I went to retrieve a few beans for a creme brulee earlier today, and they were all dry as bone!  First off, how could this have happened?  I stored them so airtight, and they are supposed to last about a year that way.  Secondly, does this mean this guy could be possibly sending old beans that don't have much time/freshness left?

In any event, can vanilla beans be rehydrated in boiling water?  If so, do you lose flavor by doing so?  I spent a lot of money on them, so I'm hoping to be able salvage something.  Suffice it to say, I'm never ordering from this man again!


----------



## Andy M. (Jan 14, 2006)

I don't think the seller is at fault. The beans were perfect when you received them. At that point they were out of the seller's control.

Do not put the into boiling, or any other kind of water.
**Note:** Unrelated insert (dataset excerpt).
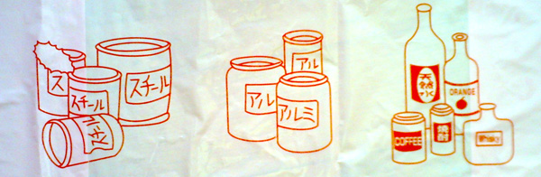 In my town, the canned goods bag is for direct recyclables: Aluminium and glass. The fish skeleton bag is for “burnable” goods, so things like paper, certain kinds of biodegradable plastics and food waste. The Tea Kettle bag is for heavy plastics and metals which can be recycled or need to be destroyed in a special way. The boring green bag is specifically for plastic drink containers (But you have to remove the labels, since the labels are burnable). Cardboard boxes have to be returned to city hall, for some reason.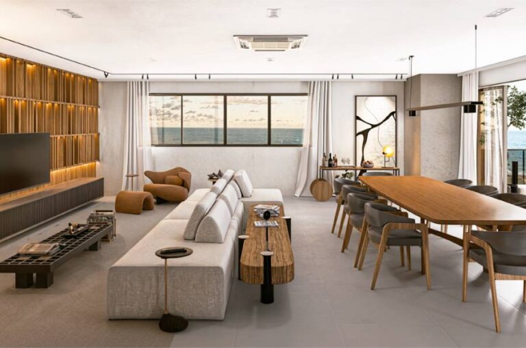 Paredes de drywall com lã de vidro, esquadrias com atenuação acústica e manta acústica no piso são elementos essenciais para um apartamento com acústica aprimorada. As paredes de drywall, ao serem preenchidas com lã de vidro, ajudam a absorver sons, reduzindo a transmissão de ruídos entre os ambientes.

If you want to use a bean or beans, split them open and poach them in the liquid you're trying to flavor, such as milk, cream, etc. They still have flavor in them, it will just be harder to get out.


----------



## Lisa110 (Jan 15, 2006)

Thank you, Andy.  I guess I'm just shocked that they dried up when they were sealed so tightly, and only 3 months old!  In any event, I can't even split them before I put them into the cream, because they are as hard rocks, and crack into tiny pieces when I try


----------



## GB (Jan 15, 2006)

This is just a thought so someone should check my info before Lisa trys this, but what if she put the beans in the microwave on low power for a very short amount of time, just to soften enough so she can split them and then take Andy's advice of poaching them?


----------



## Andy M. (Jan 15, 2006)

I never tried the microwave. If you try it, wrap the beans in a damp paper towel first. The moisture will help soften the beans.

However, I don't think it's necessary. If the bean breaks up into small pieces when you try to split it, that will just expose more if the inside to the liquid and speed the extraction of flavor. After you're done, you just strain the liquid to get out all the bean bits.


----------



## Lisa110 (Jan 15, 2006)

Thanks, andy and gb.  I will give the microwave idea a try and let you know how it went.  I guess less than a minute will do?


----------



## Andy M. (Jan 15, 2006)

Lisa110 said:
			
		

> Thanks, andy and gb. I will give the microwave idea a try and let you know how it went. I guess less than a minute will do?


 

Try 10 or 15 seconds to start.  What you want to do is heat the damp paper towel to make steam that will moisten the beans.  

This method is how I defrost frozen rolls.  It keeps the edges from getting hard by the time the center defrosts.


----------



## Lisa110 (Jan 16, 2006)

Thanks, Andy.  I will be making a vanilla bean Pound cake on Wednesday, so I'll let you know how it goes then.


----------



## Lisa110 (Feb 2, 2006)

Andy, sorry it's taken so long to get back.  Some unexpected things came up, so I wasn't able to try your idea for rehydrating the beans enough so I could slice and scrape them.  Well..I did finally try it, and it worked, but I had a very small window to work with, as I could feel it starting to harden as I scraped out the beans.  Nevertheless, at least I can salvage something out of them!  Thank you so much for your time and advice


----------